Как сделать Gap Analysis в SQL
Содержание:
Зачем Gap Analysis
«Gaps and Islands» — classic SQL pattern. Найти group consecutive events (islands) и breaks between (gaps). Streaks, missing data, sequential analysis — все это gap analysis.
Gaps and Islands pattern
Key trick: assign group_id используя ROW_NUMBER() difference. Consecutive rows have same diff.
WITH activity AS (
SELECT
user_id,
active_date,
active_date - INTERVAL '1 day' * ROW_NUMBER() OVER (PARTITION BY user_id ORDER BY active_date) AS streak_anchor
FROM user_activity
)
SELECT
user_id,
streak_anchor,
COUNT(*) AS streak_length,
MIN(active_date) AS streak_start,
MAX(active_date) AS streak_end
FROM activity
GROUP BY user_id, streak_anchor
ORDER BY streak_length DESC;active_date - row_number constant для consecutive dates.
Missing dates
Find gaps в date series:
WITH ordered AS (
SELECT
DATE,
LAG(DATE) OVER (ORDER BY DATE) AS prev_date,
DATE - LAG(DATE) OVER (ORDER BY DATE) AS gap_days
FROM daily_metrics
)
SELECT
prev_date AS gap_start,
DATE AS gap_end,
gap_days - 1 AS missing_days
FROM ordered
WHERE gap_days > 1
ORDER BY gap_start;Consecutive active days
Streak per user:
WITH grouped AS (
SELECT
user_id,
active_date,
active_date - INTERVAL '1 day' * ROW_NUMBER() OVER (PARTITION BY user_id ORDER BY active_date) AS group_key
FROM user_activity
),
streaks AS (
SELECT
user_id,
group_key,
COUNT(*) AS streak_length,
MIN(active_date) AS start_date,
MAX(active_date) AS end_date
FROM grouped
GROUP BY user_id, group_key
)
SELECT
user_id,
MAX(streak_length) AS longest_streak,
MAX(streak_length) FILTER (WHERE end_date = CURRENT_DATE - 1) AS current_streak
FROM streaks
GROUP BY user_id
ORDER BY longest_streak DESC;Detect gaps в sequence
Sequential IDs с пропусками:
WITH ordered AS (
SELECT
id,
LAG(id) OVER (ORDER BY id) AS prev_id
FROM events
)
SELECT
prev_id AS missing_after,
id AS missing_before,
id - prev_id - 1 AS missing_count
FROM ordered
WHERE id - prev_id > 1
ORDER BY missing_count DESC;Islands by attribute
Когда user status меняется во времени:
WITH status_changes AS (
SELECT
user_id,
status_date,
status,
LAG(status) OVER (PARTITION BY user_id ORDER BY status_date) AS prev_status,
SUM(CASE
WHEN LAG(status) OVER (PARTITION BY user_id ORDER BY status_date) = status THEN 0
ELSE 1
END) OVER (PARTITION BY user_id ORDER BY status_date) AS island_id
FROM user_status_history
)
SELECT
user_id,
status,
island_id,
MIN(status_date) AS island_start,
MAX(status_date) AS island_end,
COUNT(*) AS island_length_days
FROM status_changes
GROUP BY user_id, status, island_id;Частые ошибки
Ошибка 1. ROW_NUMBER vs RANK. RANK даёт ties same number → broken для consecutive logic. Use ROW_NUMBER.
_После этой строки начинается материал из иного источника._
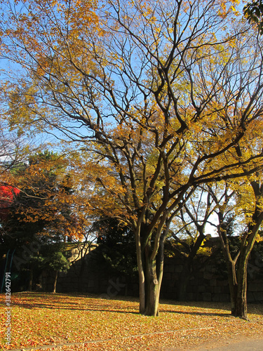 Fototapeta premium Big yellow maple tree in center of park
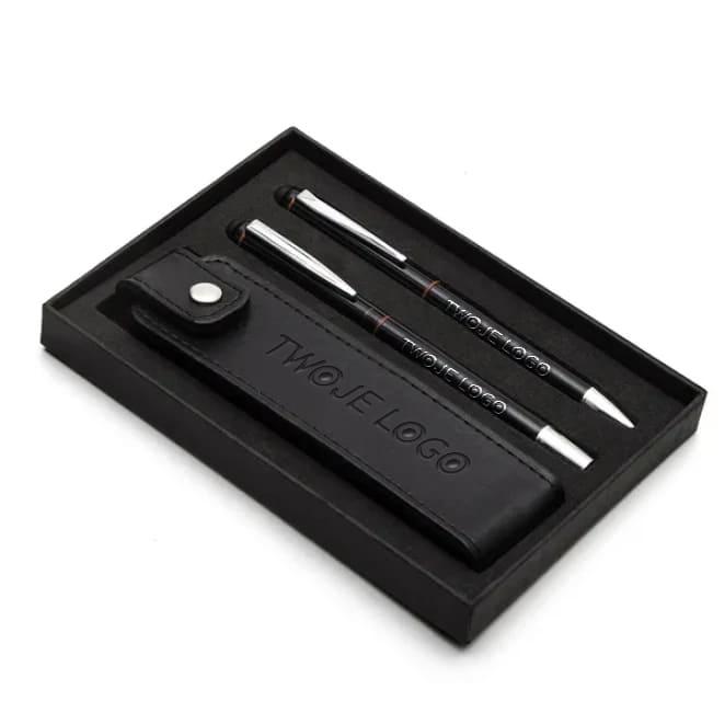 Zestaw składający się z aluminiowego długopisu i pióra kulkowego wyposażonych w końcówkę do obsługi ekranów dotykowych, pakowanych w etui z ekoskóry. Chromowane dodatki. Wkład do długopisu o średnicy 1,00 mm w kolorze niebieskim, nabój o średnicy 0,7 mm do pióra kulkowego także w kolorze niebieskim. Pakowany w czarne opakowanie upominkowe.
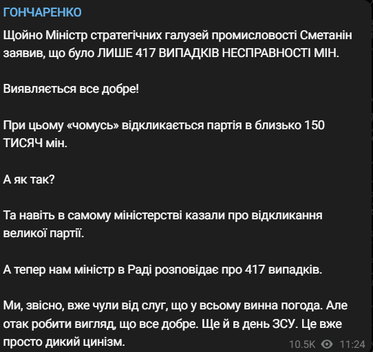 Партию в 150 тысяч мин отозвали, когда обнаружили брак в сотнях изделий. Глава Минстратегпрома Герман Сметанин заявил в Верховной Раде, что было 417 случаев неисправности мин.
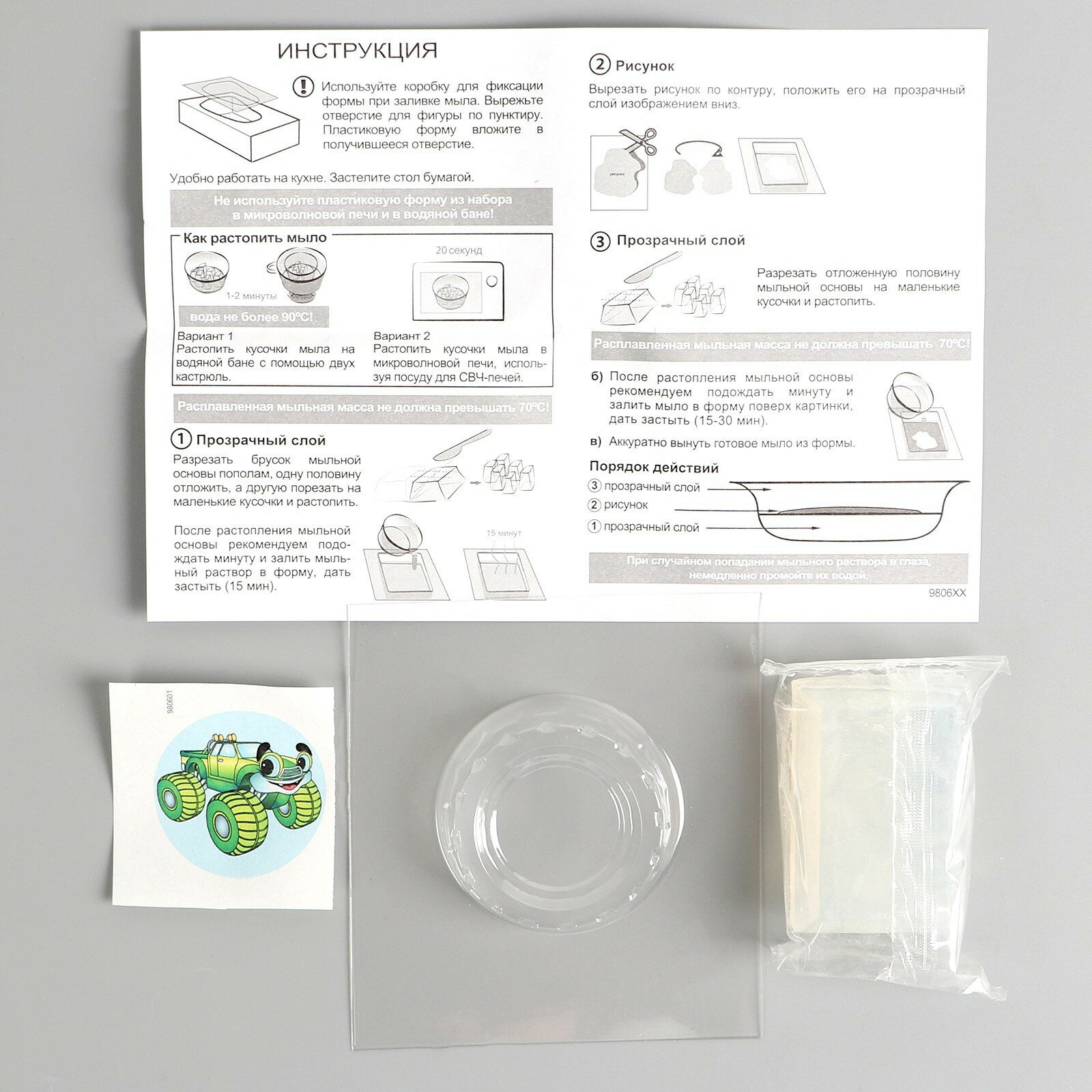 В набор входит: мыльная основа, формочка для отливки мыла, картинка на водорастворимой бумаге, инструкция.

Ошибка 2. Date type mismatch. date − integer ≠ date − interval. Cast carefully.
Ошибка 3. Missing partition. Forgot PARTITION BY → cross-user contamination.
Ошибка 4. Edge dates. First row LAG = NULL → check.
Ошибка 5. Gap interpretation. 1-day gap vs 7-day gap — different meaning. Threshold.
Связанные темы
- Window functions advanced
- Как посчитать active cohort в SQL
- Как посчитать sessionization в SQL
- Cumulative distinct на собесе DE
FAQ
Gaps and Islands — что это?
Classic SQL pattern. Islands = consecutive sequences. Gaps = breaks between.
ROW_NUMBER vs RANK?
ROW_NUMBER каждой строке unique. RANK дает ties same rank. ROW_NUMBER нужен.
Why date - row_number?
Consecutive dates produce constant value. Trick для grouping.
Sequential IDs или dates?
Same logic. Adjust interval (1 day или 1 unit).
Real use case?
Streaks (Duolingo). Active periods. Missing data alerts. Time-series gaps detection.